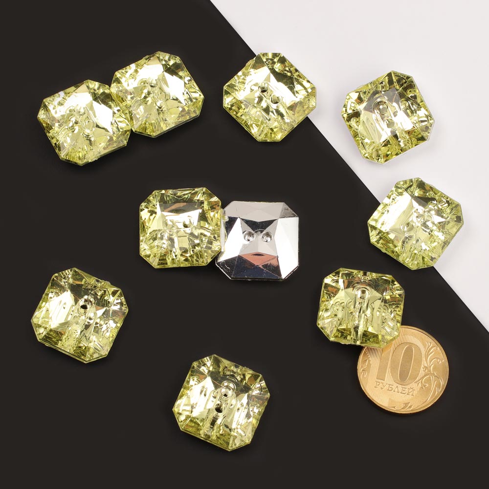 Пуговицы-стразы акрил "Квадрат" 20 мм 10 шт салатовые
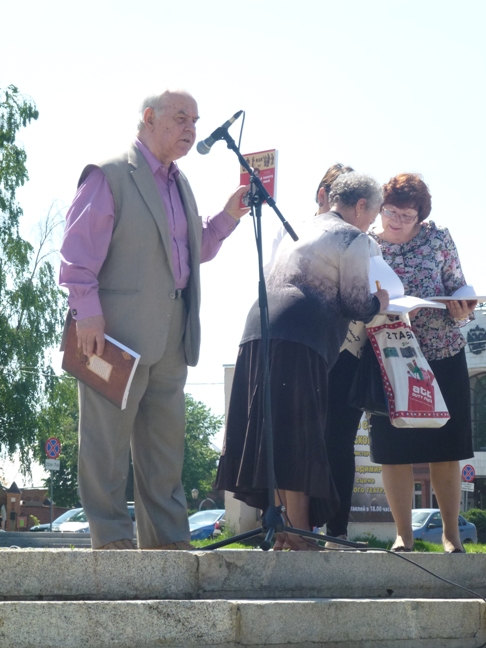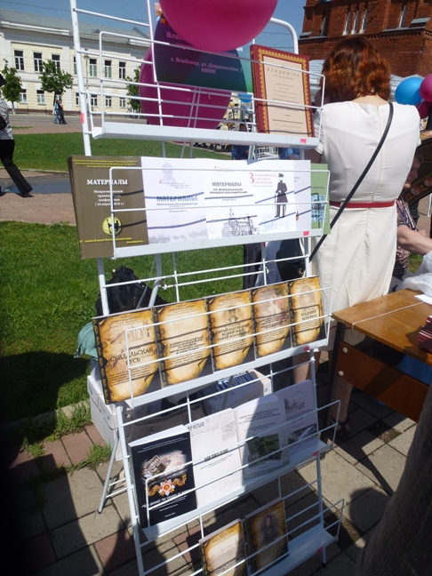 Также на главной площадке праздника состоялись презентации книг. Первыми поднялись на сцену под аплодисменты супруги Сухаревы – известный владимирцам «творческий тандем». Клара Семеновна – журналист, автор книг и нескольких вышивальных техник, обладатель звания «Мастер декоративно-прикладного творчества Владимирской области», лауреат всероссийских и международных премий. Она представила свою книгу «Шелковые мысли: о вышитых экслибрисах». Александр Петрович – заслуженный юрист России, член Союза писателей России и Союза журналистов. В свой черед он представил две своих новых книги: «Да ведают потомки православных: о летописях Владимирской земли и геральдике» и «В памяти моей: повести и рассказы». Супруги не только рассказали о создании книг и о своей совместной работе, но и разыграли свежеотпечатанные авторские экземпляры среди зрителей. Радостные обладатели выигрышей фотографировались с авторами и благодарили за их труд на благо Владимирской земли.
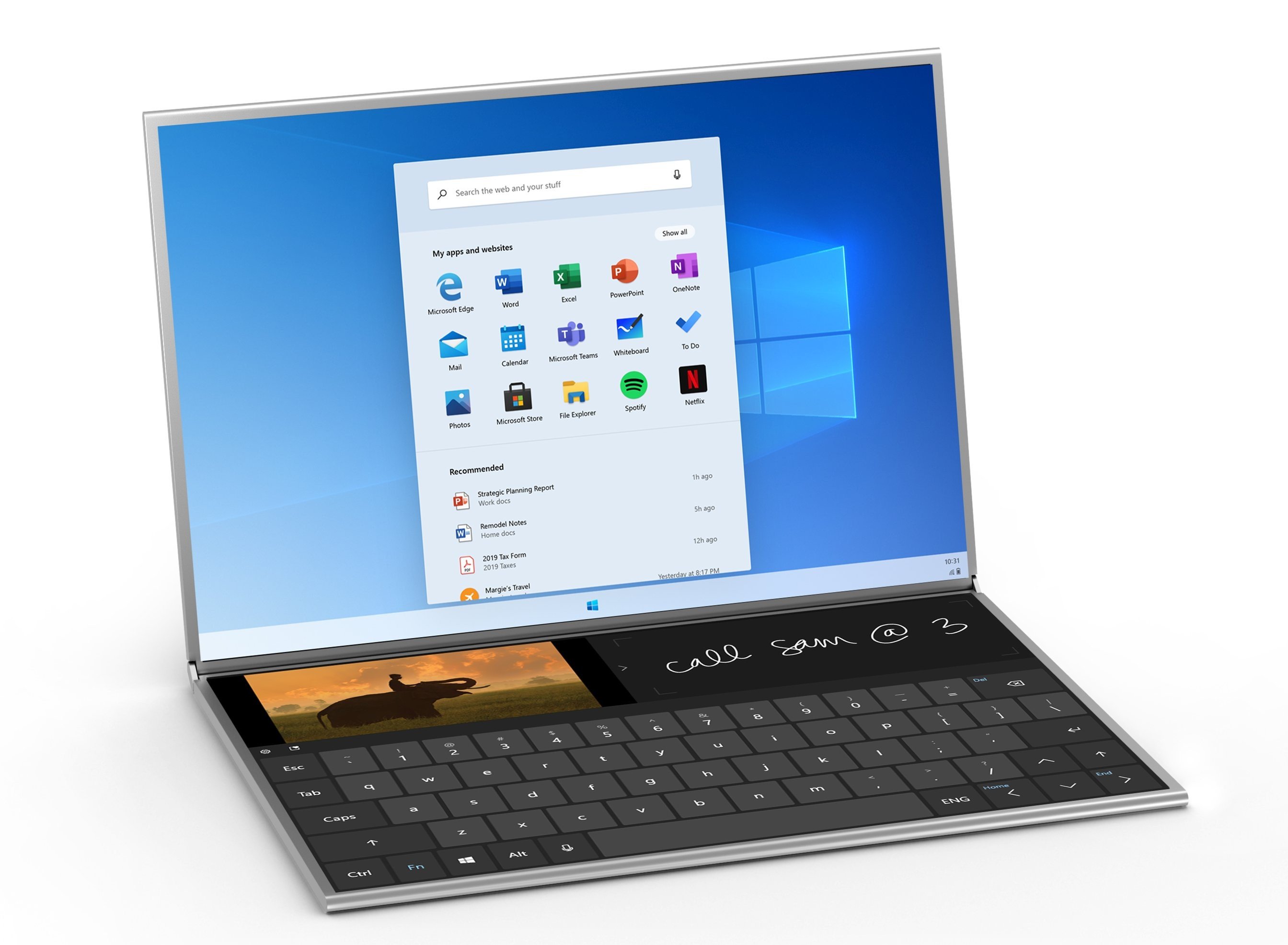 Microsoft Neo je ta větší z obou dvoudisplejových novinek – zákazníci se v tomto případě mohou těšit na dvojici 9" obrazovek, které by společně po rozevření měly poskytnout pracovní plochu běžnou pro dnešní 13" zařízení. Díky 360o půjde oba displeje podle potřeby rozevřít nejenom do roviny, ale i do řady dalších pozic, např. „stanu“. Zařízení poběží na upravených Windows 10 (Microsoft o nich hovoří jako o Windows X), která by měla být přizpůsobena pro nasazení na dvou displejích. Pro Surface Neo bude rovněž k dispozici volitelná klávesnice, která se bude přikládat na spodní displej, čímž vznikne pomyslný notebook. Zajímavé je, že zařízení bude reagovat na pozici klávesnice – pokud klávesnicí překryje horní část obrazovky, její zbývající spodní plocha poslouží jako tablet. Pokud naopak klávesnicí zakryjete spodní část obrazovky, v horní části displeje zbyde pracovní prostor pro aplikace či informace.
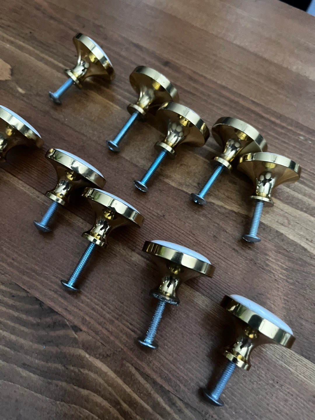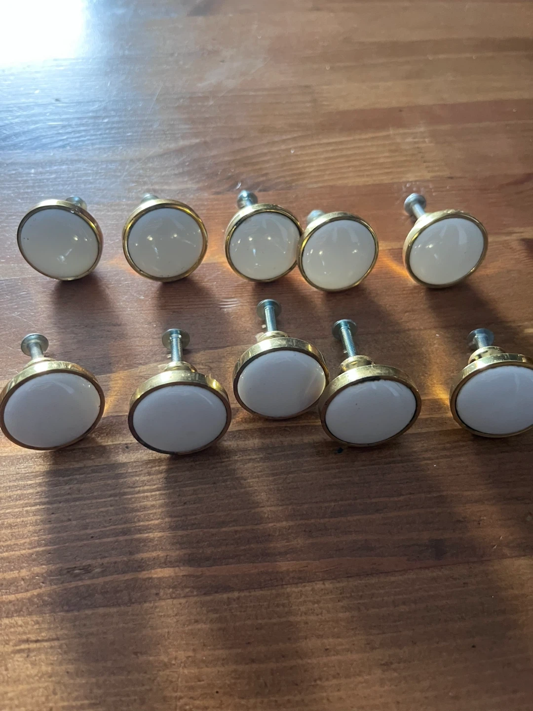 Selling a set of 10 Lee Valley Belwith Solid Brass Round Knobs. These feature a polished brass finish with a white centre. Originally bought for $3.50 each.
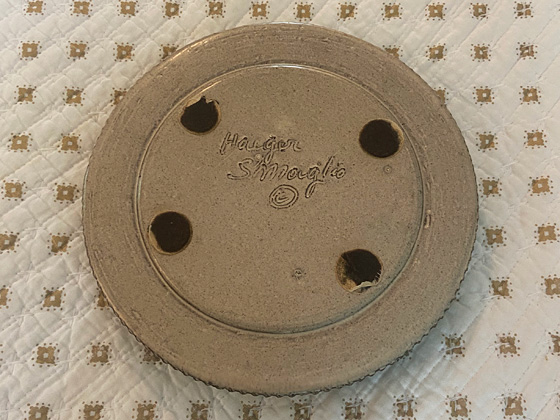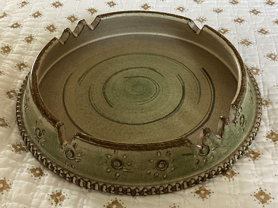 Round Ashtray by Sebastiano Maglio 8¼" circa 1966, Grey & Green Decorated glaze, photos from the collection of Michael Bono.
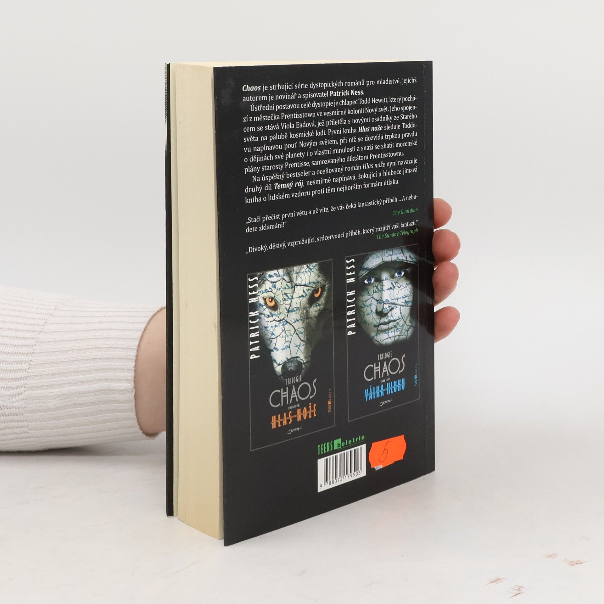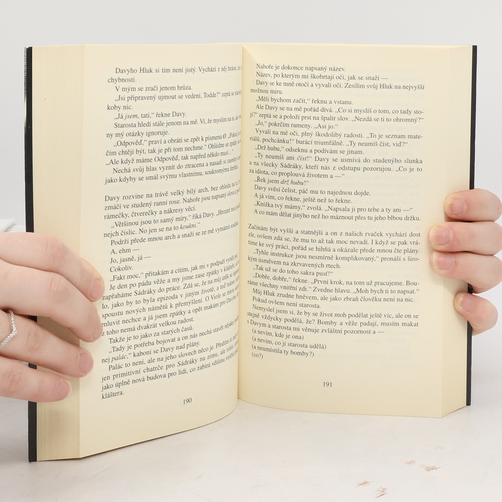Po napínavém závěru prvního dílu se třináctiletý Todd Hewitt probouzí jako vězeň v Novém Prentisstownu, jenž padl do rukou diktátora a samozvaného prezidenta Prentisse. Také Toddova přítelkyně Viola se ocitla v zajetí a Todd se rozhodne, že ji najde a zachrání. Musí však svůj záměr držet v tajnosti, což nesmírně ztěžuje Hluk, který od války s domorodci vyzrazuje myšlenky. Zdá se však, že vynalézavý Prentiss objevil způsob, jak Hluk zkrotit nejen u sebe, ale i svých pochopů. V této knize se z nepřátel stávají přátelé a z přátel nepřátelé a čtenáři se bude opět svírat žaludek. Okolnosti nutí Todda k činům, které by nikdy předtím neudělal, a začíná tak ztrácet sám sebe. Věci přestávají být černé a bílé, přičemž odstíny šedi mohou být velmi nebezpečné. Jedno však o Toddovi víme – je silný. A v jádru dobrý. Dokáže v této zkoušce obstát a vyjít z ní nezlomený? Najde svoji Violu? Milovníci dobré sci-fi se budou těšit na další pokračování této svižné a imaginativní série.
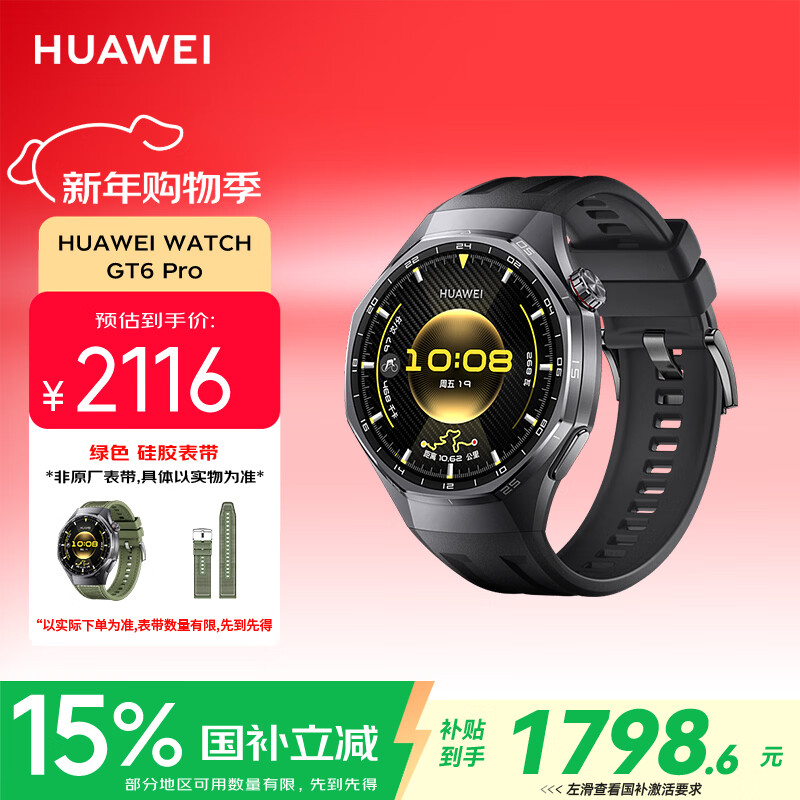 百亿补贴Huawei/华为 HUAWEI WATCH GT 6 Pro户外运动全新骑行体验超长续航蓝宝石镜面智能手表
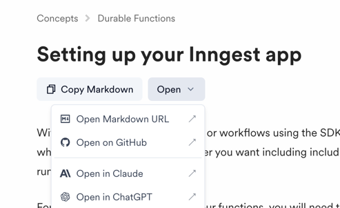 Our docs now have quick actions to copy or open the current page in Markdown format. You can also open a new conversation with the markdown URL in Claude, ChatGPT or other LLM providers. The Markdown format reduces the amount of context needed to be sent to LLMs and coding agents.
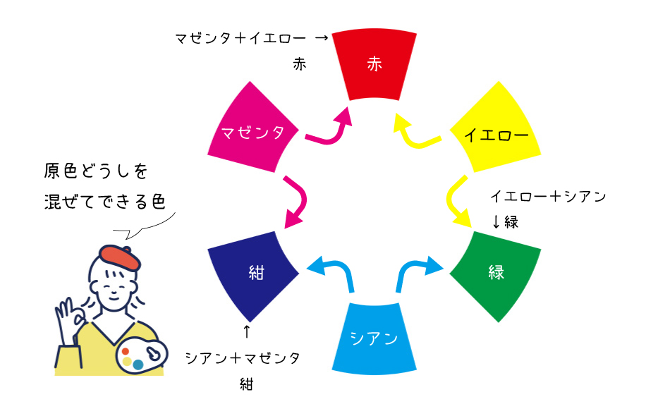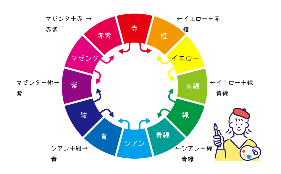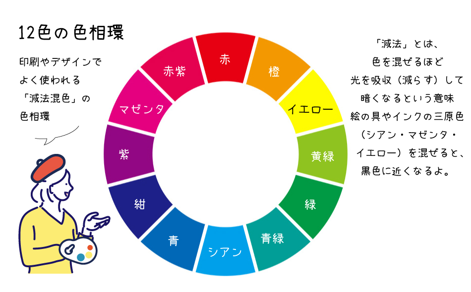 色相環(しきそうかん)は、色相(色みの種類)を環状に並べた図です。
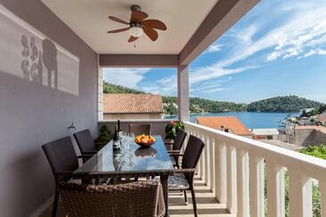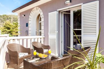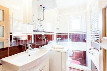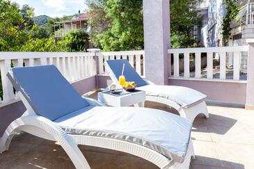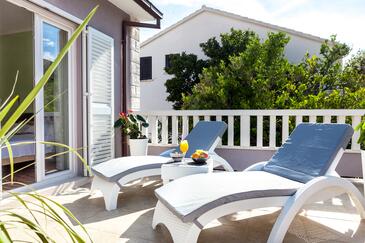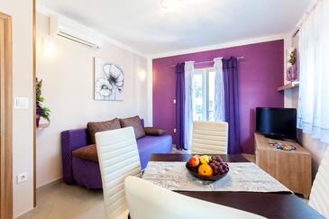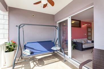 Appartamento può accogliere 10 ospiti. I letti sono disposti nelle camere da letto che sono 3, e nella camera di soggiorno, su 101m2. Gli ospiti hanno a disposizione il proprio terrazzo per godere nelle calde serate estive. Dall'appartamento si gode di una vista sul mare. Si può preparare il cibo utilizzando il barbecue comune.
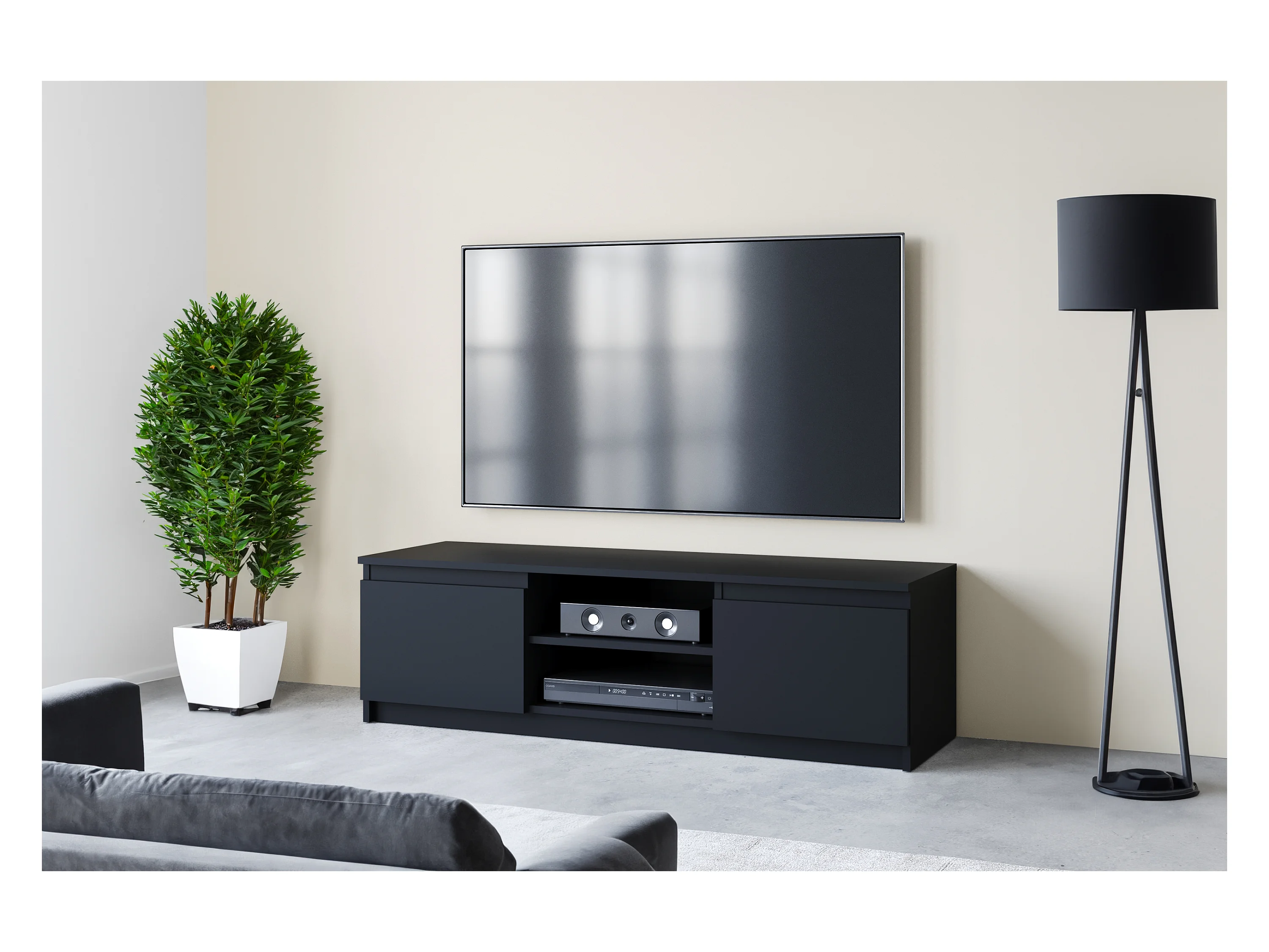 Meuble TV moderne 140 cm avec LED 2 portes, sans poignées, noir mat, posé ou suspendu
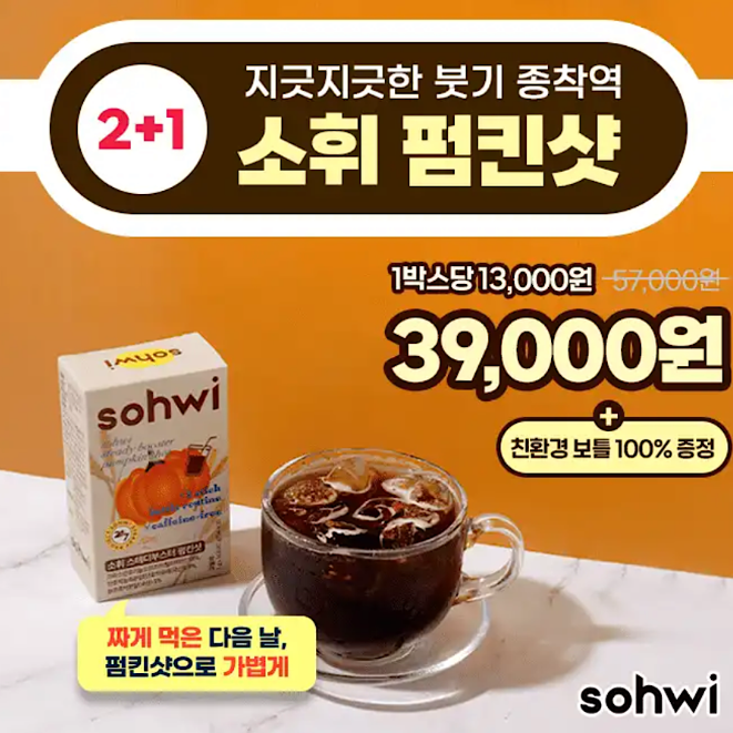 "카페인도 혈당 올려요" 커피대신 무카페인 호박차 1포로 숨어있는 나트륨 쭉쭉 빼드릴게요 🚨지금 여기서만 2+1혜택 칼륨이 풍부해 과하게 섭취한 나트륨, 수분은 빼고 풍부한 식이섬유는 보충해 V라인 관리에 최고인 소휘 펌킨샷! OO에서는 이미 아이들도 커피대신 마시는 유기농 오르조 보리를 함께 담았어요. 매일 마시던 물만 바꿔보세요. 여기서 OO은?
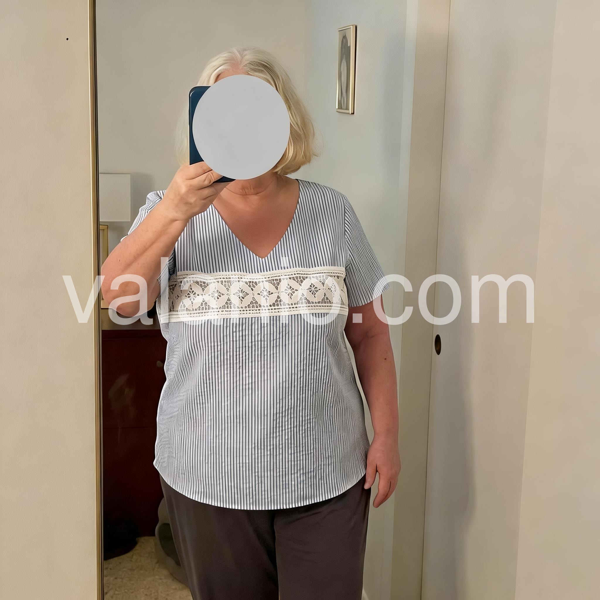 This relaxed-fit tee features light blue and white vertical stripes. A decorative white lace panel adds a delicate touch across the chest. Deep V-neckline and short sleeves for comfort. Lightweight fabric perfect for warm weather. Ideal for casual wear or beach outings.
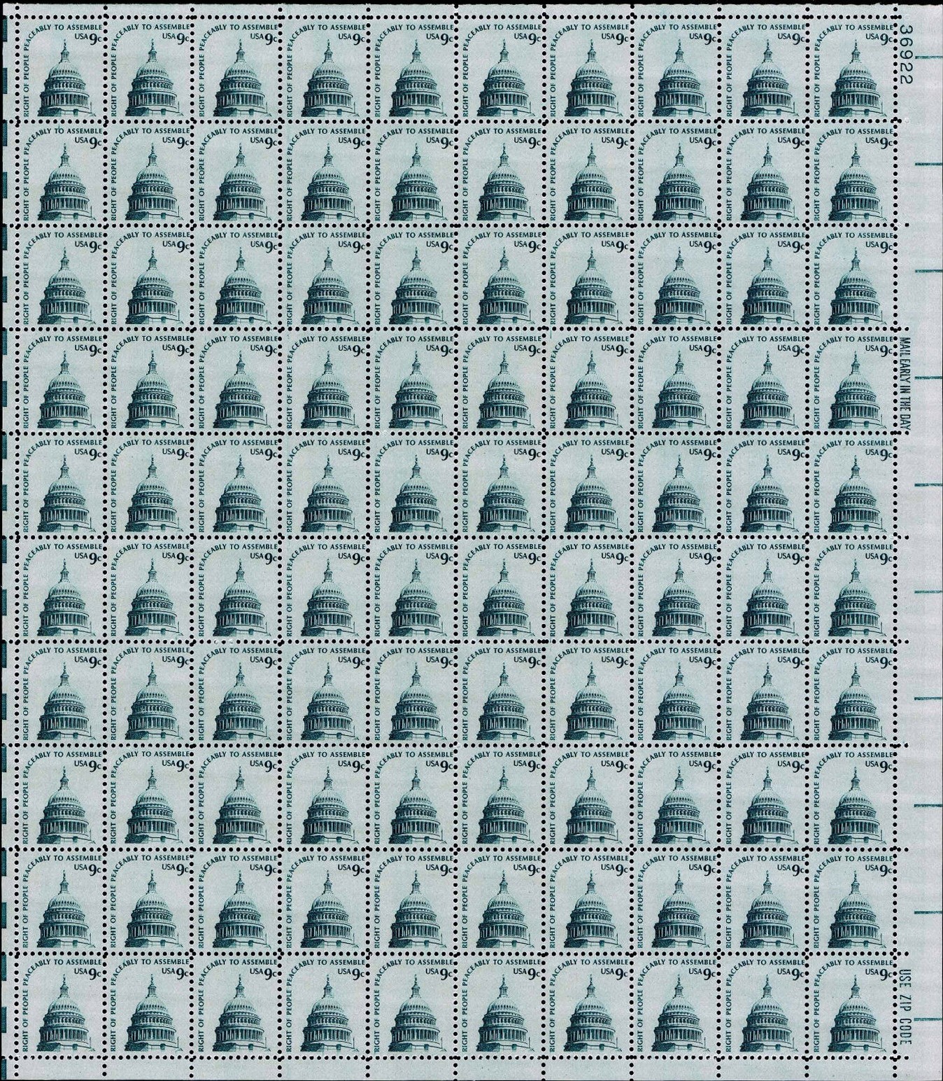 Right to Peaceful Assembly Sheet of One Hundred 9 Cent Postage Stamps Scott 1591

**WHAT YOU SHOULD DO:** Once you find the line that contains "百亿补贴Huawei/华为 HUAWEI WATCH", give it again along with every later line through the end of the data, word for word, minus the pictures.

**YOUR RESPONSE:**
 百亿补贴Huawei/华为 HUAWEI WATCH GT 6 Pro户外运动全新骑行体验超长续航蓝宝石镜面智能手表
 Our docs now have quick actions to copy or open the current page in Markdown format. You can also open a new conversation with the markdown URL in Claude, ChatGPT or other LLM providers. The Markdown format reduces the amount of context needed to be sent to LLMs and coding agents.
 色相環(しきそうかん)は、色相(色みの種類)を環状に並べた図です。
 Appartamento può accogliere 10 ospiti. I letti sono disposti nelle camere da letto che sono 3, e nella camera di soggiorno, su 101m2. Gli ospiti hanno a disposizione il proprio terrazzo per godere nelle calde serate estive. Dall'appartamento si gode di una vista sul mare. Si può preparare il cibo utilizzando il barbecue comune.
 Meuble TV moderne 140 cm avec LED 2 portes, sans poignées, noir mat, posé ou suspendu
 "카페인도 혈당 올려요" 커피대신 무카페인 호박차 1포로 숨어있는 나트륨 쭉쭉 빼드릴게요 🚨지금 여기서만 2+1혜택 칼륨이 풍부해 과하게 섭취한 나트륨, 수분은 빼고 풍부한 식이섬유는 보충해 V라인 관리에 최고인 소휘 펌킨샷! OO에서는 이미 아이들도 커피대신 마시는 유기농 오르조 보리를 함께 담았어요. 매일 마시던 물만 바꿔보세요. 여기서 OO은?
 This relaxed-fit tee features light blue and white vertical stripes. A decorative white lace panel adds a delicate touch across the chest. Deep V-neckline and short sleeves for comfort. Lightweight fabric perfect for warm weather. Ideal for casual wear or beach outings.
 Right to Peaceful Assembly Sheet of One Hundred 9 Cent Postage Stamps Scott 1591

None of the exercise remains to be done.